From a market valuation perspective, despite Dell's significant stock price increase this year, its current dynamic price-to-earnings ratio is only 32 times, showing no significant foam (bubble). Dell Chief Operating Officer Jeff Clarke admitted that the company expects to face supply chain constraints in the second half of fiscal year 2027. Currently, apart from memory, the supply of standard computer processors, hard drives, and various supporting components is tight, becoming the main issue restricting the company's development. At this stage, insufficient supply chain capacity is the core factor limiting Dell's performance release, while market demand remains strong.
From a customer structure perspective, the number of AI collaboration customers for Dell has now exceeded 5,000, with a customer base growth rate of over 50% in the past six months. New customers mainly come from emerging cloud providers, governments of various countries, and traditional enterprises across various industries.

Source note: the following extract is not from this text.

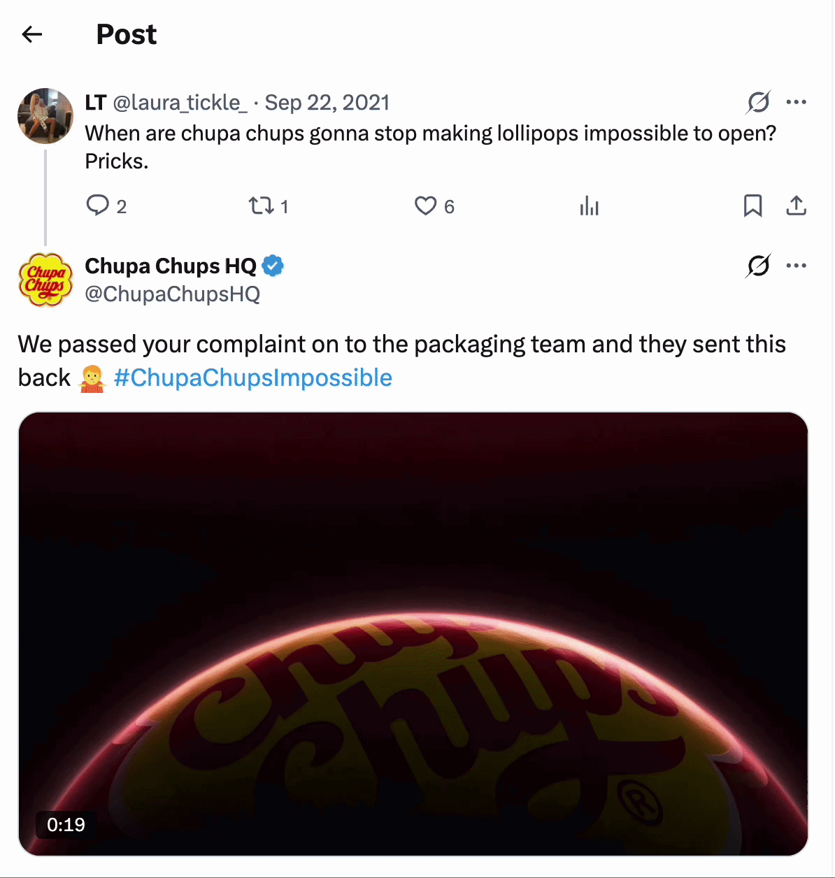 เมื่อมีคนหนึ่งโพสต์ตั้งคำถามว่า “ทำ Chupa Chups มันต้องแกะยากขนาดนี้?” แบรนด์มองเห็นโอกาสและเล่นมุกใส่ซะเลย พวกเขาเข้าไปตอบกลับคอมเมนต์ของแฟนคลับคนนั้นด้วยประโยคสั้น ๆ ว่า “เรามีทั้งข่าวดีและข่าวร้ายมาบอก…”

After the financial report was released, JPMorgan maintained its "overweight" rating for Dell and significantly raised its target price from $280 to $500. JPMorgan stated that Dell once again significantly raised its performance forecast for fiscal year 2027, and the current industry demand environment continues to significantly exceed market expectations. The company's full-year AI server revenue guidance has also been raised from $50 billion to $60 billion. Despite concerns about demand being brought forward, Dell's sufficient and rapidly growing backlog orders significantly reduce the likelihood of a rapid decline in industry demand this year.

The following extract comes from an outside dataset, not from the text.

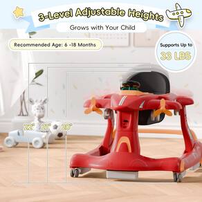 Xilingol Andador de bebê 6 em 1, andador de atividade de altura ajustável com assento acolchoado, andador infantil com rodas, andador de bebê dobrável para meninos e meninas - Design conversível 6 em 1: este andador de bebê versátil é projetado para bebês de 6 a 18 meses, ajudando-os a aprender a andar e fortalecendo os músculos das pernas. Ele transita através de seis modos: modo de assistência aos pais, modo de caminhada automática, modo cadeira de jantar, modo push walker, modo carrinho de empurrar e modo avião de brinquedo. O design envolvente do avião atende a várias necessidades de desenvolvimento e mantém seu bebê entretido. - Conforto para bebês: o andador oferece 3 posições de altura ajustáveis, permitindo que ele cresça com seu bebê e apoie seu desenvolvimento em diferentes estágios. A almofada de assento curvada evita pernas em forma de O e é removível e lavável para facilitar a limpeza. Feito de material PP respirável de alta qualidade, garante conforto e segurança para o seu filho. - Segurança confiável: Certificado pela ASTM e CPSIA, este andador de atividades para bebês garante a máxima segurança. Possui um amortecedor de segurança protetor para proteger a cabeça do seu bebê de colisões e um encosto alto ergonômico para suporte ideal da coluna. Cinco almofadas antiderrapantes evitam quedas e escorregões, e o amplo espaçamento das rodas garante um movimento estável e seguro. - RODAS FLEXÍVEIS E AJUSTÁVEIS: Equipado com 4 rodas universais lisas e silenciosas, este andador garante movimento flexível sem perturbar os membros da família. As rodas traseiras podem ser ajustadas para velocidade: gire no sentido anti-horário para um movimento mais rápido, no sentido horário para movimentos mais lentos, ou bloqueie-as para maior segurança. As rodas dianteiras giratórias de 360° proporcionam direção sem esforço. - Centro de atividades interativas: com controles de avião realistas, como volante, câmbio, espelhos retrovisores e botões de luz, este andador oferece uma experiência de pilotagem autêntica para o seu bebê. Música vívida e luzes estimulam os sentidos do seu filho, tornando a brincadeira divertida e educativa. O painel de controle removível funciona como um brinquedo independente ou bandeja de jantar. - Fácil de guardar: quando não estiver em uso, o andador se dobra em um tamanho compacto para facilitar o armazenamento sob o sofá ou cama. Seu design leve e dobrável o torna conveniente para viagens, garantindo que seu bebê possa desfrutar de seu centro de atividades favorito em qualquer lugar. Combinando funcionalidade com diversão, é perfeito para uso doméstico e em movimento.

JPMorgan further pointed out that Dell's growth is not solely reliant on the AI sector, as its traditional server and PC businesses have also seen significant recovery.

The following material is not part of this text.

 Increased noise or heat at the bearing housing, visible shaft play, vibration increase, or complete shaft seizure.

From an institutional perspective, Dell is not simply relying on AI concept hype to drive up its valuation but is experiencing Resonant type (resonant) growth across its entire business line. More crucially, amidst the continuous rise in DRAM and NAND memory chip prices and increasing upstream cost pressures, Dell has still managed to stabilize its profitability and maintain stable profit margins.
JPMorgan analysis stated that relying on its scale advantages, mature supply chain system, and industry pricing power, Dell can effectively pass on upstream raw material cost pressures to downstream customers, a core advantage significantly superior to most IT hardware peers.
Citigroup simultaneously released a research report, maintaining its "buy" rating for Dell and raising its target price from the previous $290 to $475. Citigroup stated that the core driving factor behind Dell's nearly 35% stock price surge is its better-than-expected quarterly performance and raised full-year performance guidance. Its first-quarter revenue growth of 88% year-on-year significantly exceeded the upper limit of market expectations and Wall Street's consensus forecast, coupled with scale expansion and profit margin improvement, leading to significant growth in earnings per share. The overall performance guidance fully exceeded expectations, and the current market products continue to be in short supply, providing strong support for the stability of the company's order backlog in the second half of the year.
Kan Jian Finance believes that as the global AI infrastructure construction continues to accelerate, future industry orders will continue to extend to the entire AI industry chain, and a series of traditional hardware companies are likely to continue to benefit from this round of AI industry upgrade wave.